Top Republican candidates for Arizona's statewide offices have questioned 2020 election
The Republican nominees for Arizona governor, secretary of state and attorney general all deny the legitimacy of the 2020 presidential election.
Why it matters: That's raised largely unanswered legal questions about what would happen if one of them refused to certify election results in 2024 if they win their races this year.
State of play: If one of those three elected officials refused to certify election results, it could throw into doubt the results.
- In 2020, former President Trump and his allies hoped to replace electors for President Biden in Arizona and several other states with electors for Trump.
- Trump called Gov. Doug Ducey during the 2020 general election canvass trying to persuade him not to certify the results.
The big picture: State law says the secretary of state shall canvass the election results in the presence of the governor and attorney general. The law includes no provision stating that the decision is discretionary.
Context: It seems certain that someone would sue if one of the officials refused to certify the results. Several attorneys and legal experts tell Axios Phoenix that they believe a judge would order the officials to sign the canvass if they refused to do so.
Between the lines: Paul Bender, an Arizona State University law professor and expert on the state constitution, says he believes judges would have the authority in such a case to either certify the results themselves or appoint someone to do it.

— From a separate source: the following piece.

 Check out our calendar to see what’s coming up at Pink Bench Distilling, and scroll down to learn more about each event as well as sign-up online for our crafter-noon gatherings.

- "I think the judge has the power and the obligation to make sure it gets done because the law says it should be done," Bender tells Axios Phoenix.
Of note: If an official refused an order to certify election results, it's possible that they could be held in contempt of court, several attorneys suggest.

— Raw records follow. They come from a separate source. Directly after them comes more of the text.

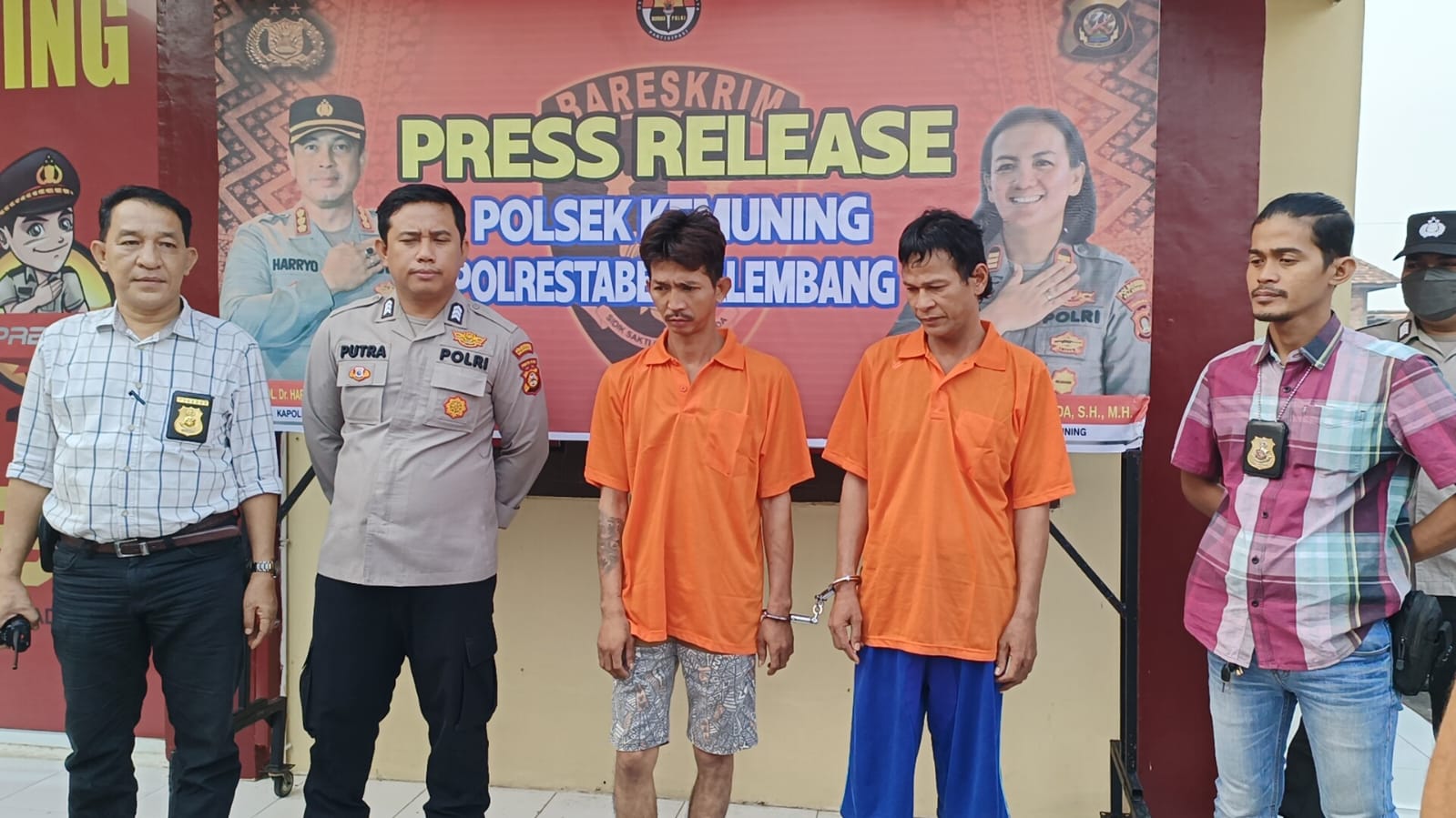 Liputanabn.com | Palembang – Press realese yang di gelar di Polsek Kemuning Palembang, Jum’at (29/09/23) dipimpin langsung Kapolrestabes Palembang Kombes Pol. Dr. Harryo Sugihhartono S.I.K MH, didampingi Kapolsek Kemuning AKP. Nora Marlinda SH., MH, dengan menghadirikan kedua tersangka.
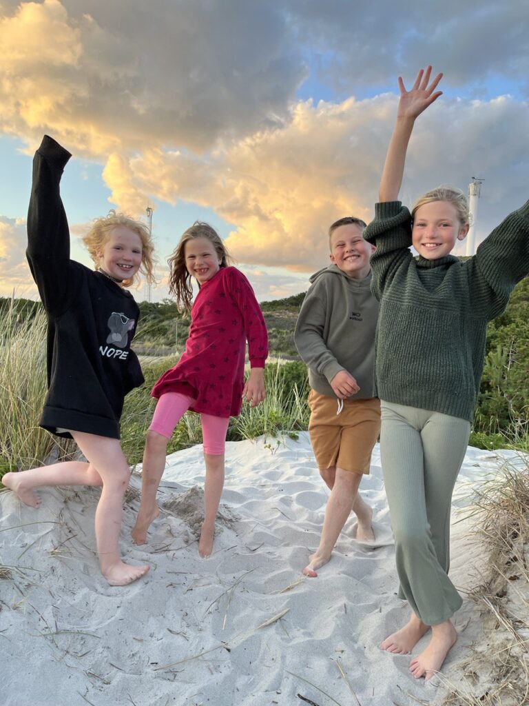ALLE badet! Både voksne og barn. Vi valgte den største stranda vi klarte å finne (hele øya er jo en eneste sandstrand). Det føltes som sommer! Barna fikk også prøve å bade i store bølger. Dessverre var været litt kjølig og vinden sto fremdeles ganske sterkt, så vi droppa å leie sykler.
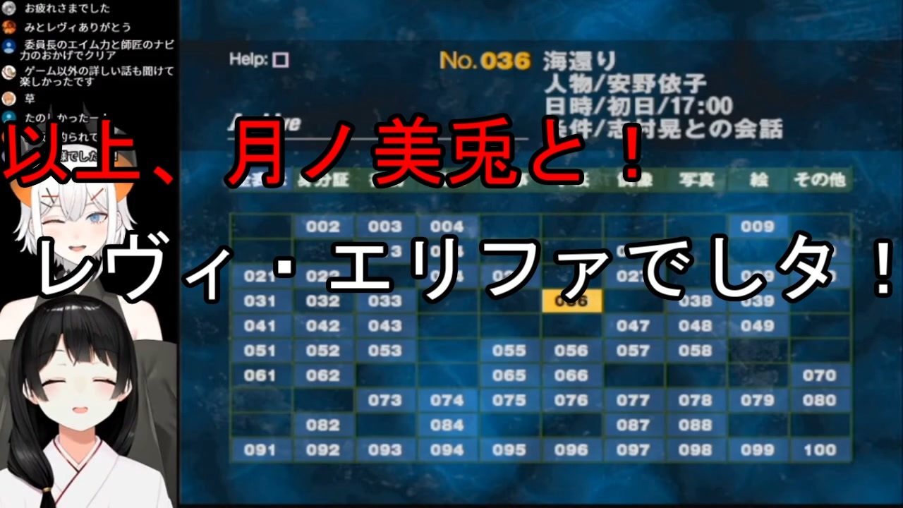結末は自分たちの目で確かめてくれ!!<br><br><br>SIRENで一番好きなのはこのムービー<br>次に好きなのはバミューダトライアングルです<br><br>にじさんじSIREN動画<br>レヴィちゃん→(<span style="color: #000000; font-size: 13px;"><a href="https://www.nicovideo.jp/watch/sm35665873" class="watch">sm35665873</a>)(<a href="https://www.nicovideo.jp/watch/sm35682729" class="watch">sm35682729</a>)</span>(<span style="color: #000000; font-size: 13px;"><a href="https://www.nicovideo.jp/watch/sm36193582" class="watch">sm36193582</a>)</span><br>師弟動画→(<a href="https://www.nicovideo.jp/watch/sm36297305" class="watch">sm36297305</a>)<br><br>元動画<br>【SIREN】田舎で遊ぼウ♬#5【にじさんじ/ レヴィ・エリファ】<br><a href="https://www.youtube.com/watch?v=qOFQ0q9gQE8&t" target="_blank" rel="noopener nofollow">https://www.youtube.com/watch?v=qOFQ0q9gQE8&t</a><br>【SIREN初見/最終回】最恐ジャパニーズホラゲーのラストを見届ける【にじさんじ】<br><a href="https://www.youtube.com/watch?v=bm-CI3eWdvY&t" target="_blank" rel="noopener nofollow">https://www.youtube.com/watch?v=bm-CI3eWdvY&t</a><br>天開司のSIREN クリアまでぶっ通し生配信 第2部<br><a href="https://www.youtube.com/watch?v=pEsJG6D9wxU&list=PLl70PKbRMTycUu2PSiUs1EXDr2GDHNnC6&index=3&t" target="_blank" rel="noopener nofollow">https://www.youtube.com/watch?v=pEsJG6D9wxU&list=PLl70PKbRMTycUu2PSiUs1EXDr2GDHNnC6&index=3&t</a><br><br>月ノ美兎<br><span style="font-size: 14px;">You tube</span><br><a href="https://www.youtube.com/channel/UCD-miitqNY3nyukJ4Fnf4_A" target="_blank" rel="noopener nofollow">https://www.youtube.com/channel/UCD-miitqNY3nyukJ4Fnf4_A</a><br><br>レヴィ・エリファ<br><span style="color: #000000; font-size: 14px;">You tube</span><br><a href="https://www.youtube.com/channel/UCtnO2N4kPTXmyvedjGWdx3Q" target="_blank" rel="noopener nofollow">https://www.youtube.com/channel/UCtnO2N4kPTXmyvedjGWdx3Q</a><br><br>天開司<br><span style="color: #000000; font-size: 14px;">You tube</span><br><a href="https://www.youtube.com/channel/UCZYyhgoV314CM14zBD6vd4A" target="_blank" rel="noopener nofollow">https://www.youtube.com/channel/UCZYyhgoV314CM14zBD6vd4A</a><br><br><span style="font-size: 13px;">You tubeで見たい方はコチラ</span><br><a href="https://youtu.be/G8fA3-ljIE4" target="_blank" rel="noopener nofollow">https://youtu.be/G8fA3-ljIE4</a><br>
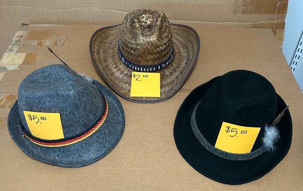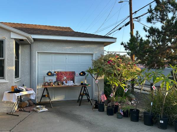 Yard sale with neighbor from 7am to about 10am. Plumeria plants, Collectibles, Royal Doulton character jugs, Oktoberfest hats and other miscellaneous things.

- There's also a state law that says an election official "who knowingly fails or refuses to perform any duty required of him" is guilty of a misdemeanor.
Democratic election attorney Roy Herrera, who represented the Biden campaign in Arizona two years ago, noted that state statute explicitly says that only the secretary of state needs to canvass election results.

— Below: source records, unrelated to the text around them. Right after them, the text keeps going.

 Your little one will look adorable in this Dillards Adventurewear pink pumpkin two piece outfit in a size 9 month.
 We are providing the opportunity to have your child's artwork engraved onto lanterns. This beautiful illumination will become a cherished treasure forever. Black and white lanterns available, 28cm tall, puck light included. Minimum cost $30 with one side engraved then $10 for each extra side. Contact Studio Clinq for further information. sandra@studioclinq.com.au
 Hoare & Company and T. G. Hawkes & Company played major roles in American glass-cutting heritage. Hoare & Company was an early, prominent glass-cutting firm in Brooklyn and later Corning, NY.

- That raises the possibility that election results could be certified without the signatures of the governor or attorney general.
The other side: State Rep. Mark Finchem, the GOP nominee for secretary of state, tells Axios Phoenix that he's never asserted that he wouldn't have certified the 2020 election, only that any state officer who signs a fraudulent document or one based on fraudulent claims would be guilty of a felony.
- No court has ever found that the 2020 election in Arizona was affected by fraud.
- Asked if he would've signed the 2020 canvass, Finchem tells Axios Phoenix, "There are too many hypotheticals to make a judgment call so long after the event."
- Spokespeople for gubernatorial nominee Kari Lake and attorney general nominee Abraham Hamadeh did not respond to our request for comment.
Threat level: A nonpartisan Arizona election protection coalition is studying this issue and other potential threats to democracy, and it hopes to come up with a workable solution for 2024.